A long thin rod lies along the x-axis from the origin to x=L, with L= 0.890 m. The mass per unit length, λ (in kg/m) varies according to the equation λ = λ0 (1+1.410x2). The value of λ0 is 0.700 kg/m and x is in meters.
1. Calculate the total mass of the rod.
2. Calculate the x-coordinate of the center of mass of the rod.
3. Calculate the moment of inertia of the rod with respect to the y-axis.
To find the total mass of the rod, we need to integrate the mass per unit length λ with respect to x from 0 to L.
1. To calculate the total mass of the rod:
The equation for λ is given as: λ = λ0 * (1 + 1.410x^2).
To find the total mass, we integrate λ with respect to x from 0 to L:
m = ∫λ dx
Substituting the given equation for λ:
m = ∫(λ0 * (1 + 1.410x^2)) dx
m = λ0 * ∫(1 + 1.410x^2) dx
Now integrate each term separately:
∫1 dx = x
∫(1.410x^2) dx = (1.410/3)x^3
m = λ0 * (x + (1.410/3)x^3) evaluated from 0 to L
m = λ0 * (L + (1.410/3)L^3)
Substitute the given values:
m = 0.700 * (0.890 + (1.410/3) * (0.890)^3)
Solve the expression to find the total mass of the rod.
2. To calculate the x-coordinate of the center of mass of the rod:
The center of mass of a rod is given by the equation:
x_cm = ∫(x * λ) dx / ∫λ dx
Substituting the given equation for λ:
x_cm = ∫(x * λ0 * (1 + 1.410x^2)) dx / ∫(λ0 * (1 + 1.410x^2)) dx
Performing the integration:
x_cm = λ0 * ∫(x * (1 + 1.410x^2)) dx / λ0 * ∫(1 + 1.410x^2) dx
x_cm = ∫(x + 1.410x^3) dx / ∫(1 + 1.410x^2) dx
x_cm = (∫x dx + 1.410∫x^3 dx) / (∫1 dx + 1.410∫x^2 dx)

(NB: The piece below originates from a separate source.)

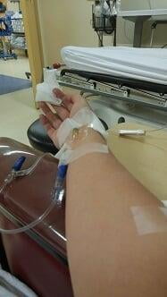 #2 made her attempts. First attempt was on the inside of my left elbow, and it didn’t work. Then on my left wrist, then back to my right arm wrist. Then, she was frustrated. If she was frustrated, how about me?? Then she brought me a warmed blanket to put around my both arms, she said it would help to make my veins pop up.

Now integrate each term separately:
∫x dx = (1/2)x^2
∫x^3 dx = (1/4)x^4
∫1 dx = x
∫x^2 dx = (1/3)x^3
Substitute the integrals back into the equation:
x_cm = (1/2)x^2 + 1.410(1/4)x^4 / x + 1.410(1/3)x^3
Now evaluate x_cm from x = 0 to L:
x_cm = [(1/2)L^2 + 1.410(1/4)L^4] / [L + 1.410(1/3)L^3]
Simplify the expression and solve for the x-coordinate of the center of mass.
3. To calculate the moment of inertia of the rod with respect to the y-axis:
The moment of inertia of a rod is given by the equation:
I = ∫(λ * x^2) dx
Substituting the given equation for λ:
I = ∫(λ0 * (1 + 1.410x^2) * x^2) dx
Performing the integration:
I = λ0 * ∫(x^2 + 1.410x^4) dx
I = λ0 * (∫x^2 dx + 1.410∫x^4 dx)
Now integrate each term separately:
∫x^2 dx = (1/3)x^3
∫x^4 dx = (1/5)x^5
Substitute the integrals back into the equation:
I = λ0 * ((1/3)x^3 + 1.410(1/5)x^5)
Evaluate I from x = 0 to L:
I = λ0 * [((1/3)L^3 + 1.410(1/5)L^5) - ((1/3)(0)^3 + 1.410(1/5)(0)^5)]
Simplify the expression and solve for the moment of inertia of the rod with respect to the y-axis.